O município foi fundado a partir do desenvolvimento econômico almejado pela região com as obras de infraestrutura previstas pelo Tratado de Petrópolis, entre elas a ferrovia Madeira-Mamoré e a ponte para ligação entre o Brasil e a Bolívia. A realidade econômica e social mudou nas últimas décadas e resultou no êxodo da população pela falta de empregos e de serviços básicos na fronteira, além do aumento da violência e do tráfico de drogas, de acordo com o parlamentar.
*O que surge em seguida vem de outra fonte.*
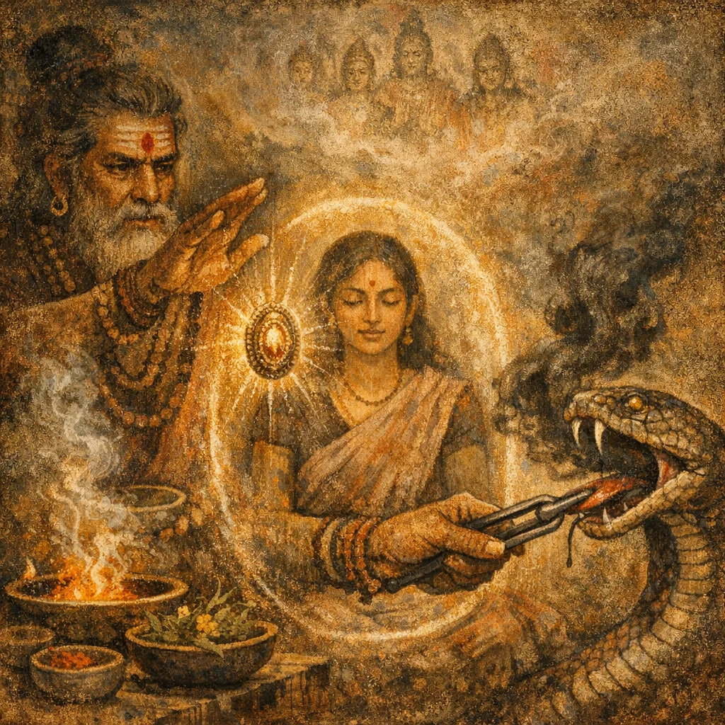 Devata: Sarpa/Ahi (serpent-kinds) addressed through propitiation; gods invoked as restrainers
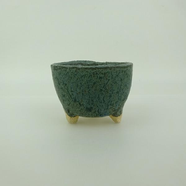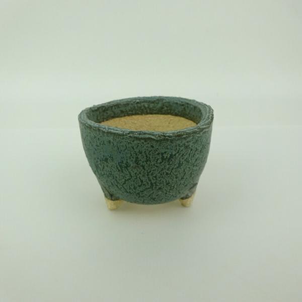 Shigaraki ware bonsai pot, small, approximately 7.6cm long, round, glazed, ornamental, brand new.
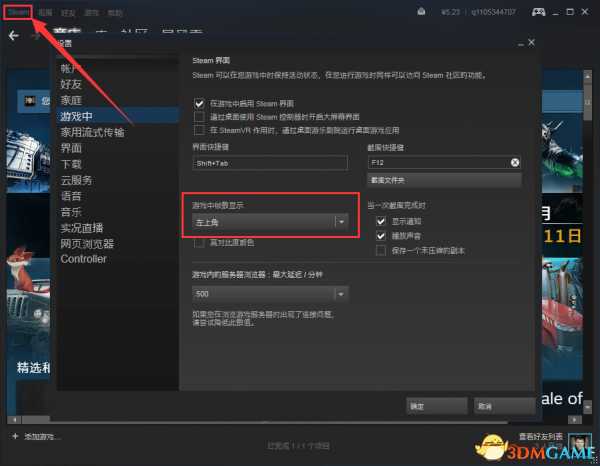 点左上角的Steam,然后按下图指示设置即可。
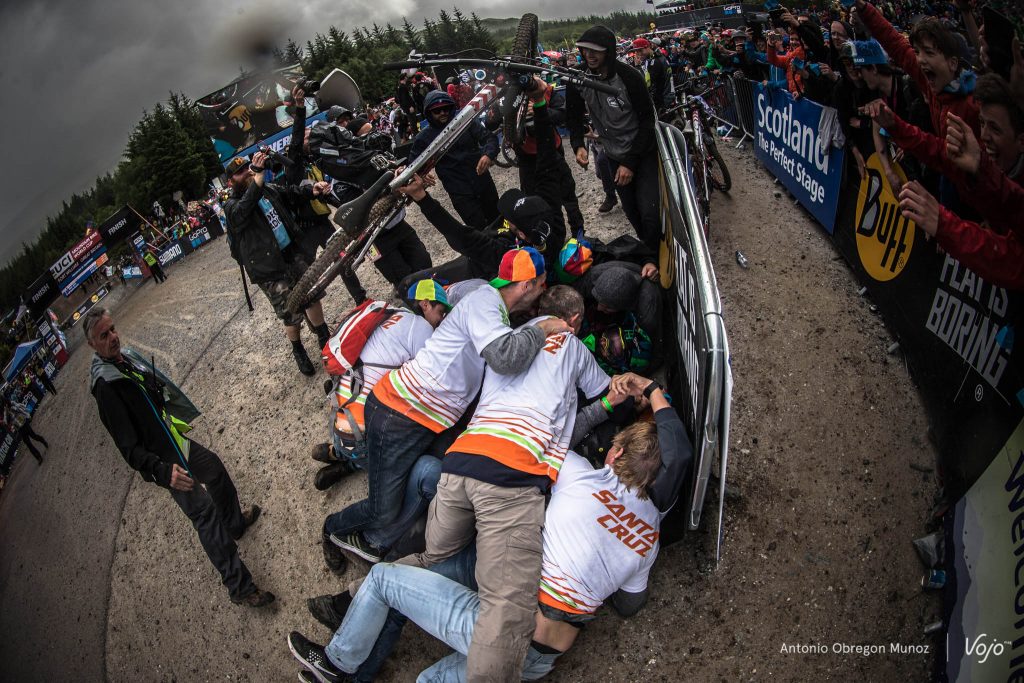 Toute son équipe et des fans lui sautent dessus pour célébrer une légende du VTT de descente. En plus de ses nombreuses victoires, l’histoire de notre sport se souviendra qu’il aura été le premier descendeurs à gagner une coupe du Monde au guidon d’un 29 pouces.
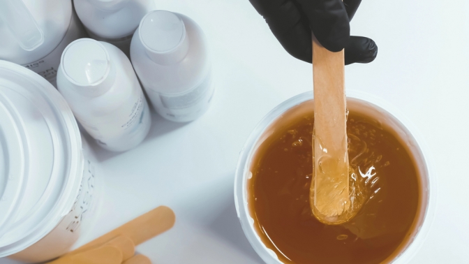 Во время процедуры восковой депиляции на кожу наносится разогретый воск, который после застывания удаляется вместе с волосяной луковицей.
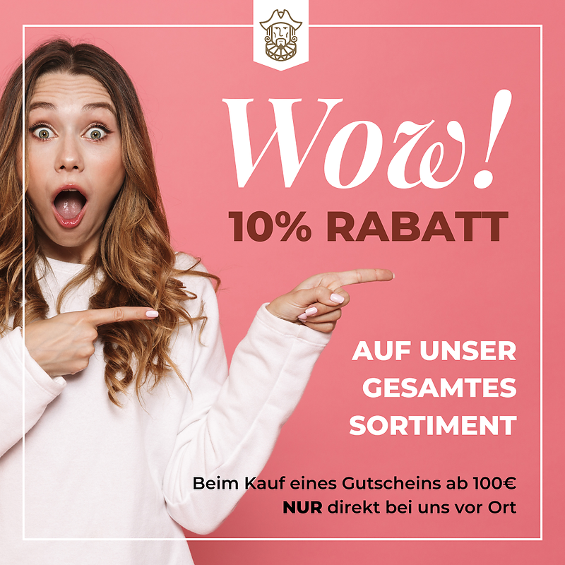 Zu jedem Gutschein ab 100 € erhalten Sie einen Genussgutschein über 10 % auf unser gesamtes Sortiment – gültig bis zu einem Einkaufswert von 500 €.
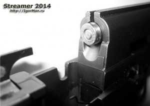 Естественно, что травматический пистолет Streamer 2014 будет нуждаться в доводке, несмотря на то, что многие его элементы были улучшены. Первое что нужно сделать с данным травматическим пистолетов, в случае если при покупке вы не досмотрели и приобрели образец с низкокачественно обработанным патронником, это шлифовка этого самого патронника. Но нужно помнить, что делать это нужно очень аккуратно, так что бы диаметр патронника не стал больше 9,65 миллиметра. Ну а если он изначально больше нужного диаметра, то шлифовать его или нет будет зависеть от того как входят патроны в патронник. В идеале же конечно нужен патронник, отшлифованный до зеркального блеска плотно прилегающий к гильзе по всей площади. Канал ствола так же можно отшлифовать до зеркального блеска, где это позволяют «зубы» большого толка от этого не будет, но то, что существенно облегчится чистка оружия после стрельбы – факт. Ударно-спусковой механизм так же быстрее всего будет нуждаться в доработке, трущиеся поверхности деталей необходимо будет обработать обратно же с помощью пасты Гои до идеальной гладкости, но стоит делать это очень аккуратно, чтобы поверхности не были скошены и оставались ровными. Это даст более плавную работу механизмов оружия, кроме того когда будет произведена полная разборка оружия можно будет лишний раз убедиться в не самом высоком качестве пистолета.
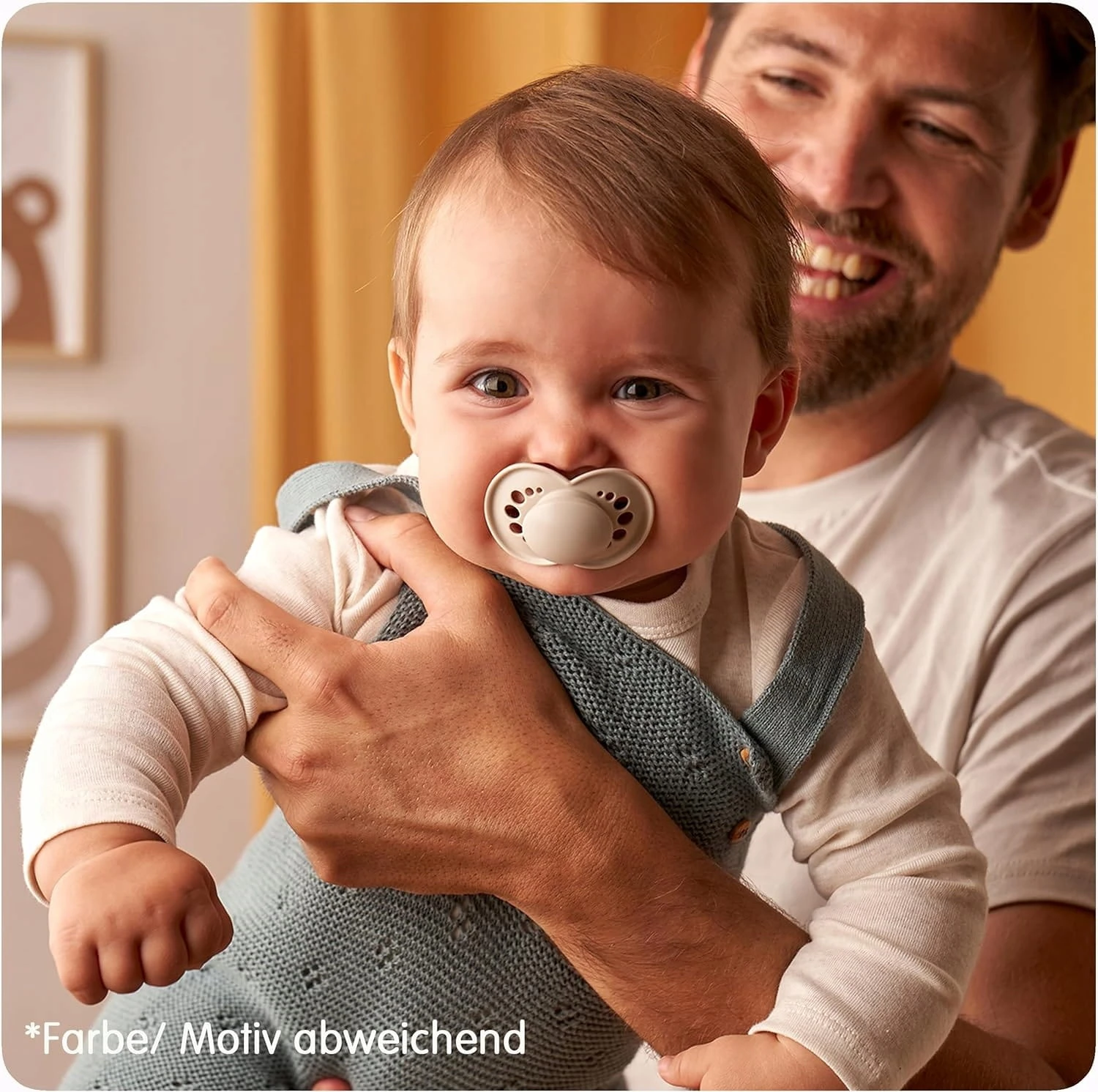 Wspiera zdrowy rozwój jamy ustnej dzięki symetrycznemu i ortodontycznemu kształtowi smoczek jest dopasowany do faz rozwoju żuchwy.
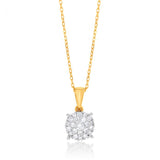 Enhance your neckline with the Luminesce Lab Grown Diamond 1/4 Carat Cluster Pendant in 9ct Yellow Gold. This exquisite pendant showcases a captivating cluster of lab-grown diamonds, totaling 1/4 carat in weight, meticulously set in a radiant 9ct yellow gold frame. The arrangement of diamonds creates a mesmerising display of brilliance and sparkle, illuminating any outfit with elegance and grace. Paired with a delicate chain, this pendant is ready to be worn and cherished. Crafted with impeccable attention to detail, the Luminesce Lab Grown Diamond 1/4 Carat Cluster Pendant combines timeless design. Elevate your style and adorn yourself with this enchanting pendant, a symbol of refined beauty and conscious luxury.
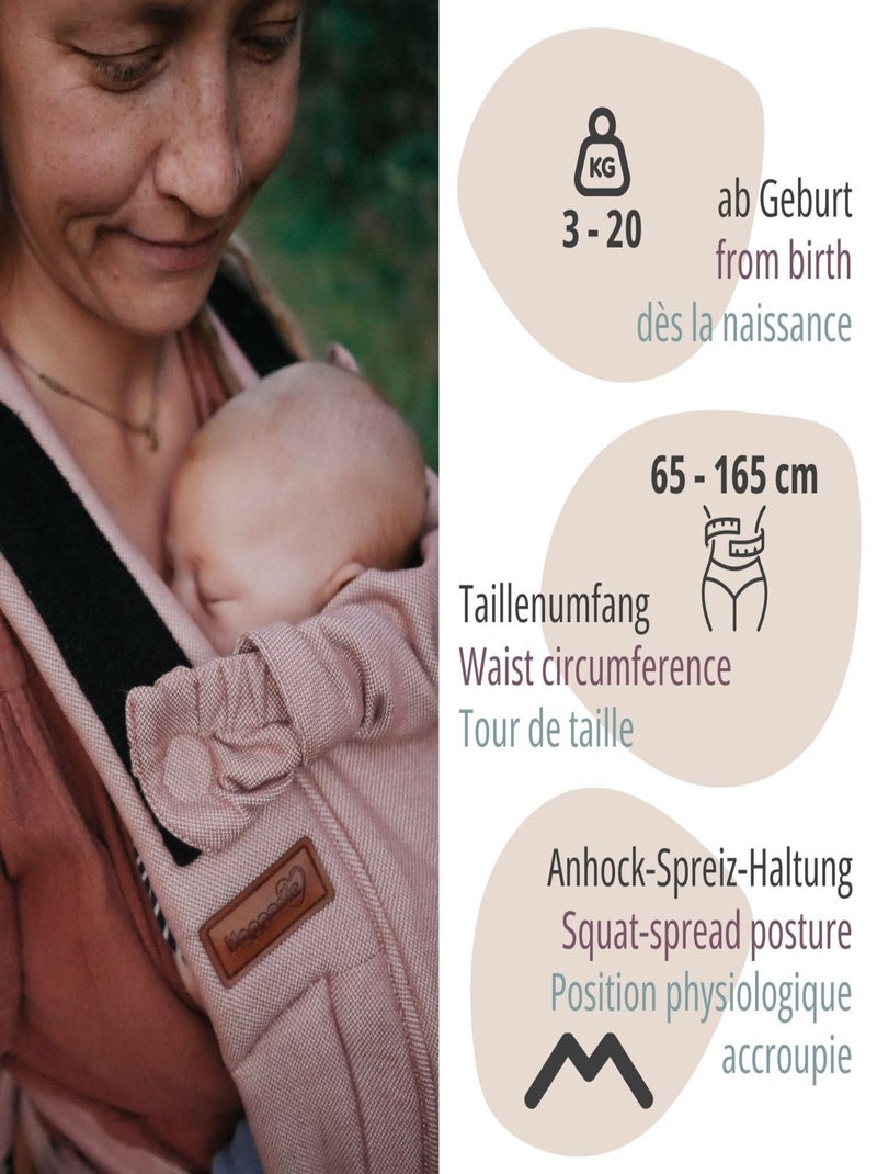 Für eine besondere Nähe zu deinem Baby! Die Hoppediz Bondolino Babytrage ist ergonomisch, bequem und super einfach zu handhaben. Mit nur einer Schnalle am Hüftgurt und geknoteten Schulterträgern passt sie sich perfekt an jeden Körper an. Die verstellbare Stegbreite (15-43cm) sorgt für die gesunde M-Position, die die Hüftentwicklung optimal unterstützt. Von Geburt an bis ins Kleinkindalter nutzbar - und das als Bauch-, Hüft- oder Rückentrage! Das Gewicht wird gleichmäßig verteilt, was deinen Rücken schont. Einfach anlegen und die gemeinsame Zeit genießen!

“Os empresários que se prepararam foram embora, acharam outros rumos. Muitas famílias que foram para lá com expectativas ficaram desoladas e abandonaram Guajará-Mirim. As pessoas sequer venderam as próprias casas, deixaram tudo para trás”, relata Chrisóstomo.

No início de junho, ele se reuniu com o ministro do TCU Aroldo Cedrez, relator do processo para liberação da obra da ponte binacional, e cobrou celeridade no julgamento por causa dos impactos econômicos e sociais na região e pela degradação dos municípios na fronteira entre o Brasil e a Bolívia.

Procurado pela Gazeta do Povo, o Dnit confirmou que o processo de contratação da empresa para elaboração dos projetos e para execução da obra segue suspenso até a decisão do TCU: “A licitação foi objeto de questionamentos junto ao Tribunal de Contas da União, que determinou a suspensão do certame, resultando na paralisação temporária do processo. Atualmente, o Dnit aguarda o julgamento do processo pelo tribunal.”